Tom Schofield ///Mark Inscriber, 2012///
Mark Inscriber is a data sculpture/sonification project. A horizontal bar supports a carriage with a firing chisel blade. The lateral movement is controlled by a stepper motor and chain system. The carriage advances a little at a time while the chisel blade cuts deep incisions into the wall.
Brigitta Zics & Pengfei Zhang ////Universe Masat, 2012///
This data visualisation artwork creates an imaginary universe to render the secret life of the satellite Masat-1 (which means ‘smudge’ in Hungarian) that was launched into low Earth orbit on 13 February 2012. Orbiting around the Earth three times a day, the small cube sends nonstop telemetric data to a tracking centre in Budapest revealing information not only about his own state but about changes in the atmosphere.
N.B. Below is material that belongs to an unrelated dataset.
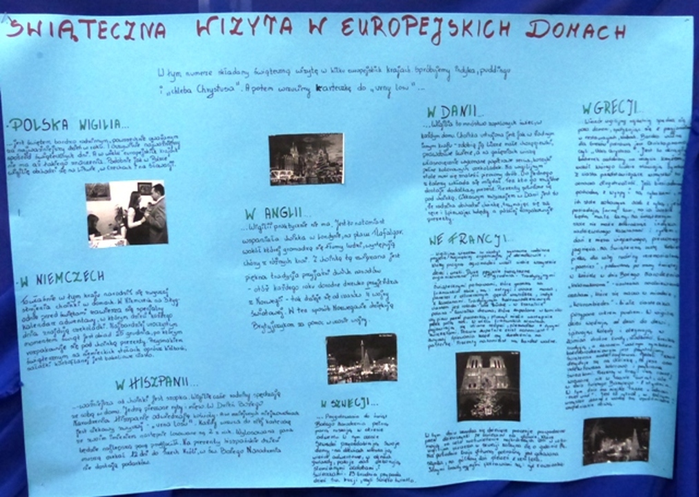 Pokaz miał na celu prezentacje kultury i tradycji Wigilijnych oraz Świąt Bożego Narodzenia, a także sprawdzenie umiejętności uczniów okolicznościowej dekoracji stołów świątecznych. Inicjatorką odbywanego od 15. lat szkolnego „Pokazu Stołów Wigilijnych” jest nauczycielka chemii Anna Kwiatkowska. Przygotowaniem i udekorowaniem swoich stołów wigilijnych zajęli się uczniowie pięciu klas pierwszych. Dzięki pokazowi kolejny raz mieliśmy okazję zobaczyć materialne i duchowe tradycje związane ze Świętami Bożonarodzeniowymi. Wszystkie klasy prezentowały potrawy wigilijne i przepiękne pomysłowe dekoracje. Na ścianach oprócz pięknych dekoracji znajdują się opisy zwyczajów wigilijnych i bożonarodzeniowych różnych narodów skupionych w Unii Europejskiej. Oglądanie i próbowanie potraw uprzyjemniały kolędy i pastorałki w wykonaniu dwóch uroczych gimnazjalistek. Poprzez głosowanie widzów zostanie wybrany najlepiej urządzony stół.

Through the engaging visual display the aim of Universe Masat is to make visible and accessible complex mechanisms of a rather simple looking object ( a cube) that was tasked to orbit around our planet. While the visual elements of this universe dynamically transform, often displaying radical on-board changes of Masat (for example temperature of the on-board and outside solar panels) it also shows any changes to the atmosphere (e.g, a high battery temperature suggests a proximity to the sun rather being in the shadow of the Earth). Universe Masat has been ‘visually expanding’ from the minute Masat’s was launched in February until its unavoidable end when it enters the Earth’s atmosphere. By shaking the visual display, viewers can access detailed information of the data to visualise the Masat’s universe.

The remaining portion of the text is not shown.